The visual register here is the same as a long-running command's terminal output — npm install printing each package as it resolves, git fetch showing the count of objects received. The user trusts the work because they see the work.

What to tune

Pre-action — submit button echo within ~50 ms; thinking dots cover the model's reasoning step before the first tool call.
First 1 s — first tool-call row appears. The list is the affordance; no spinner over the whole agent.
1 – 10 s — each tool call streams in as it runs. Status icon, label, result snippet (not just a count).
Cancellation — visible while the agent runs. Boundary is the next tool call, not an immediate hard stop. "Stopping after current step…" is the honest message.
Completion — explicit summary row. For multi-call work past 10 s, hand off to background sync; see the agentic workflow scenario.

When perceived performance hurts you here

Tool-call transparency only helps if the names and details are honest. An agent that surfaces "Reading user data" but is actually scanning the entire database is showing the user a misleading abstraction — the trust budget the transparency paid into gets withdrawn when the user notices the gap. If you cannot describe the tool call accurately in a short label, the answer is to redesign the tool call, not to hide it behind a generic name.

The other failure mode is the firehose. A tool that fires fifty individual sub-calls — say, "read each of these 50 files individually" — should not surface every one. Collapse to "Reading 50 files (12 / 50)" with a determinate counter. The principle is legible progress, not granular progress.

For tools that do return data the user can see — search results, code diffs, query rows — surface a snippet of the result in the tool-call row, not just the count. "Found 14 matches" reads as progress; "Found 14 matches in app/auth/, lib/session/, …" reads as understanding.

Cancellation needs a graceful path. Hard-killing an agent mid-tool-call can leave files half-edited, transactions un-committed, branches in inconsistent states. The right cancellation boundary is between tool calls — let the current one finish, abort before the next one starts.
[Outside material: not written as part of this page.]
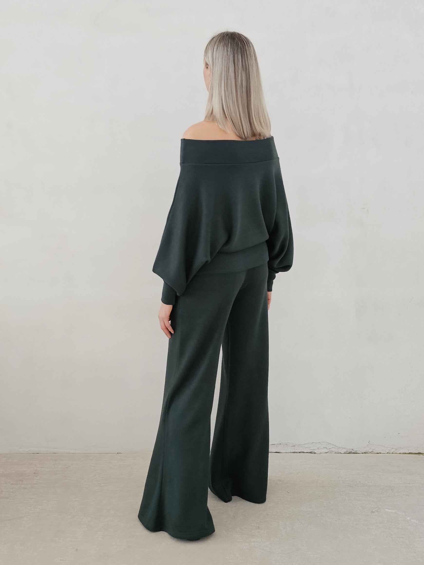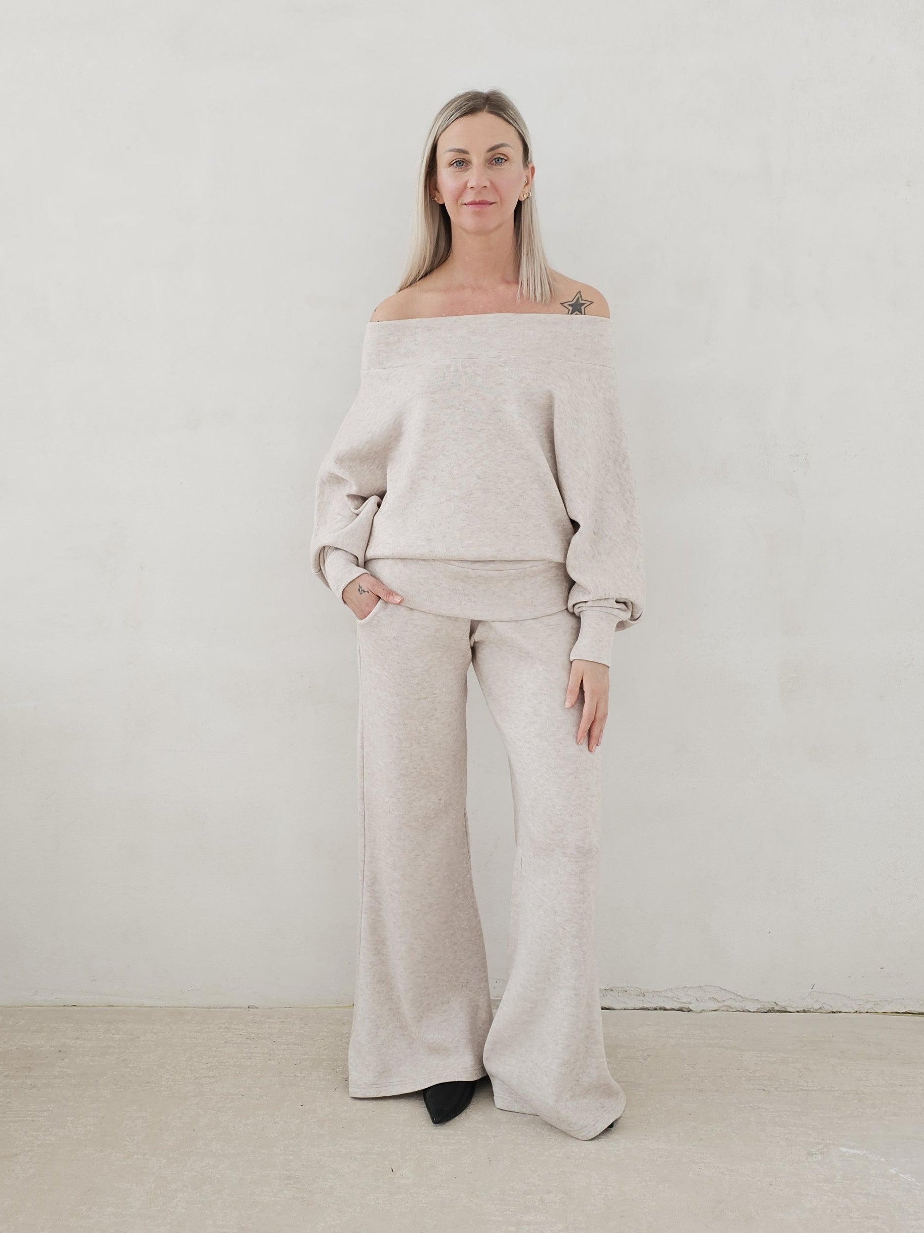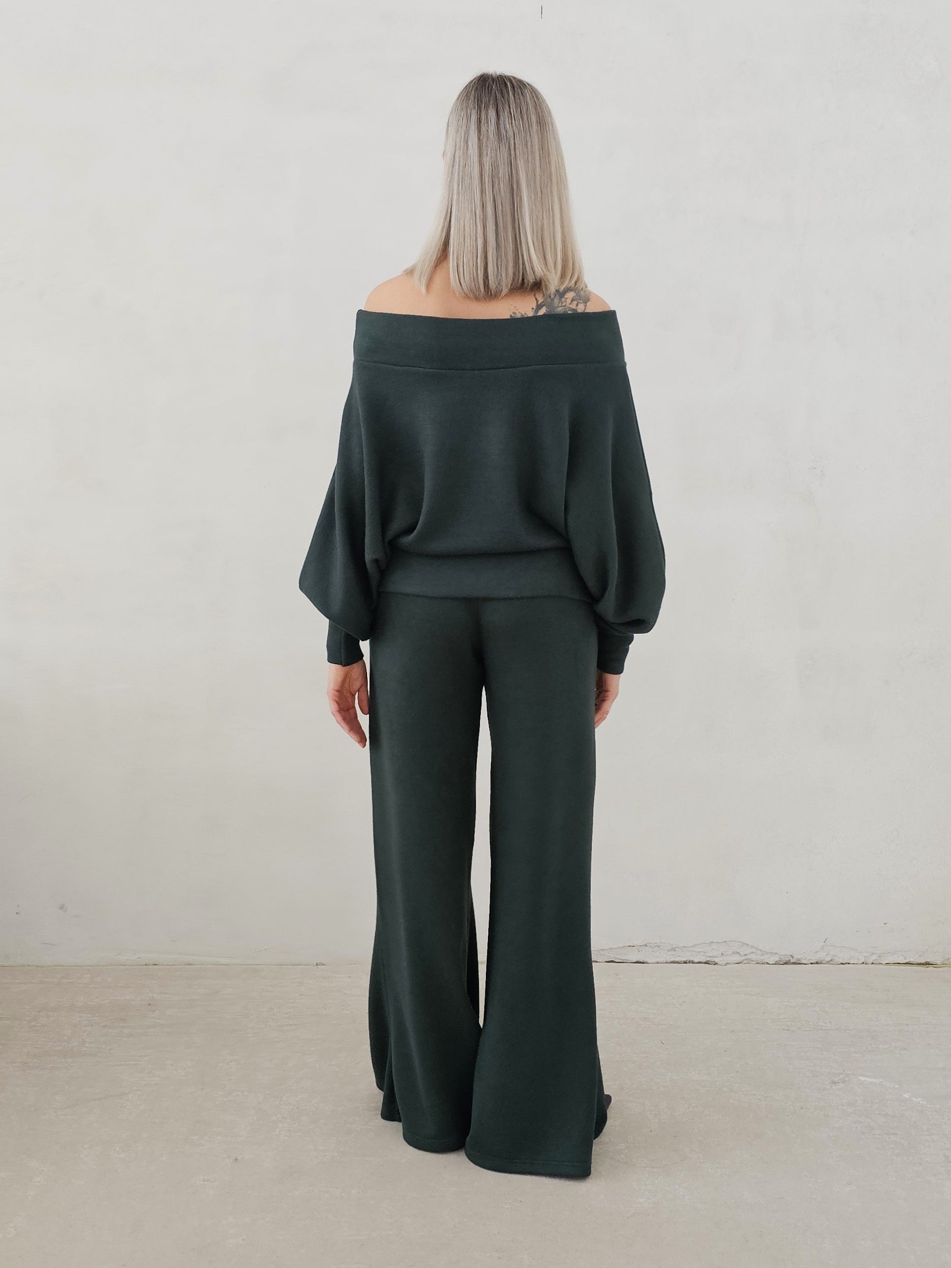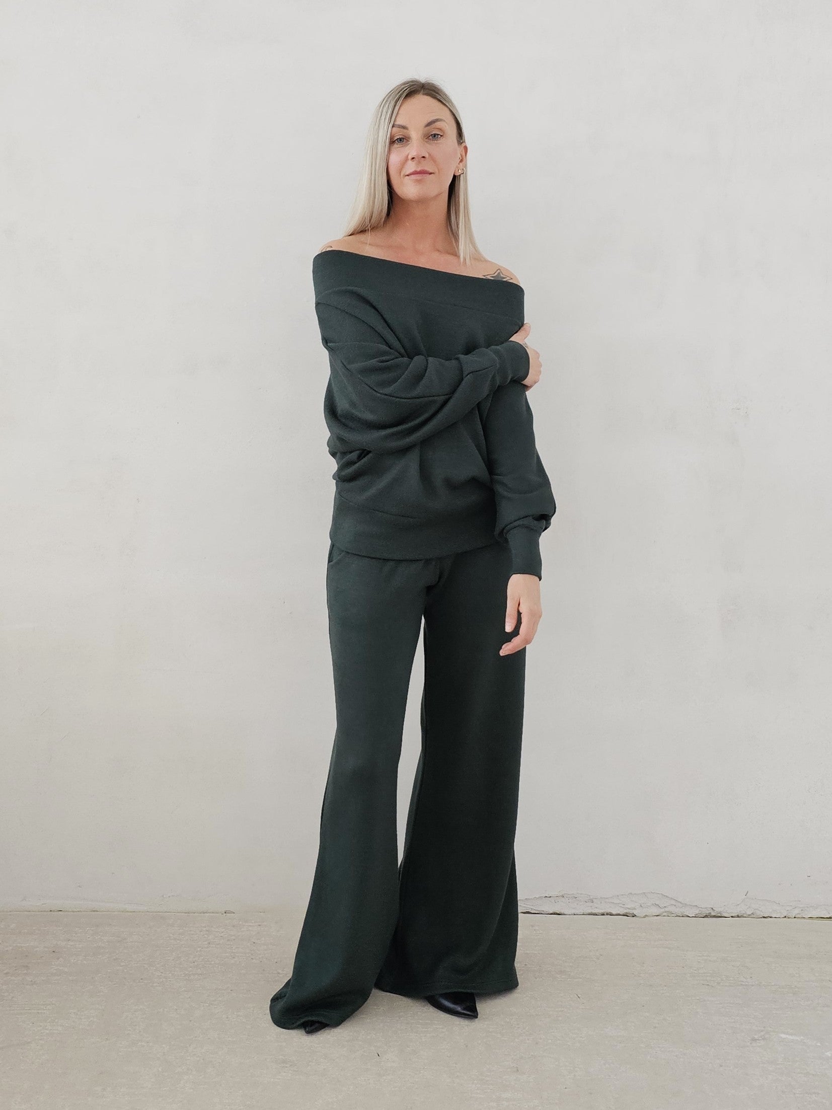 Bellita dzianinowy komplet dzwony i bluzka opadające ramię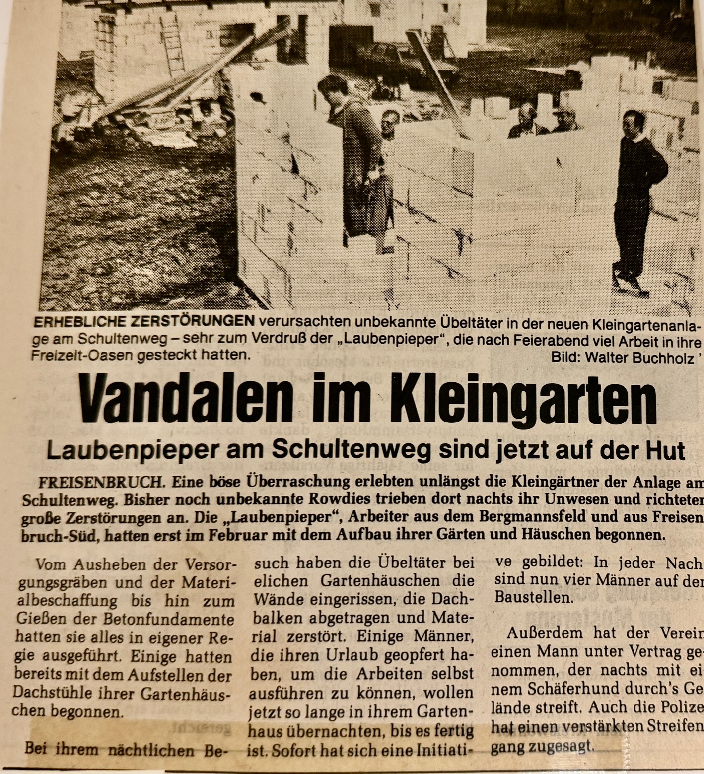 Bei uns in der Kleingartenanlage am Schultenweg kam es unlängst zu einer bösen Überraschung. Unbekannte Rowdys haben nachts massive Zerstörungen angerichtet – Wände eingerissen, Dachbalken abgetragen und Material vernichtet. Auch wir aus Bergmannsfeld und Freisenbruch-Süd hatten im Februar erst mit dem eigenenregiemäßigen Aufbau begonnen. Trotzdem sind wir entschlossen: Mit Nachtwachen, einem bewachten Schäferhund und Polizeistreifen schützen wir unsere Baustellen!

Surface the difference: "Stopping after current step…" vs. "Stop now."

Accessibility

aria-live="polite" on the tool-call list so screen readers announce each new step. Reserve aria-live="assertive" for failures or cancellation.
aria-busy="true" on the running row, removed when it completes — the same pattern as a determinate progress bar but at the tool-call granularity.
role="status" on the cancel button's "Stopping…" message so the cancellation is announced.
Focus management — when the user clicks Cancel, focus stays on the cancel button (now showing the cancellation in progress) until the agent confirms the stop.
prefers-reduced-motion — the spinner reduces to a static dot indicator; the appearance / disappearance of rows is instantaneous instead of animated.

References

References · 4

Miller 1968
Miller, R. B. (1968). Response time in man-computer conversational transactions. Proceedings of the AFIPS Fall Joint Computer Conference, 33(I), 267–277. The 1 – 10 S band where multi-step agent execution typically lands.
Card, Moran & Newell 1983
Card, S. K., Moran, T. P., & Newell, A. (1983). The Psychology of Human-Computer Interaction. Lawrence Erlbaum. The ~100 ms perceptual frame each tool-call status update must clear so the streaming feels live.
Doherty 1982
Doherty, W. J., & Thadani, A. J. (1982). The Economic Value of Rapid Response Time. IBM Technical Report GE20-0752-0. Productivity drops sharply past ~400 ms — relevant for the time-to-first-tool-call budget on agent execution.
Myers 1985
Myers, B. A. (1985). The importance of percent-done progress indicators for computer-human interfaces. Proceedings of CHI '85, 11–17. ~86 % of participants preferred a percent-done indicator over a blank wait — extends to the streaming tool-call list as a non-numeric progress signal.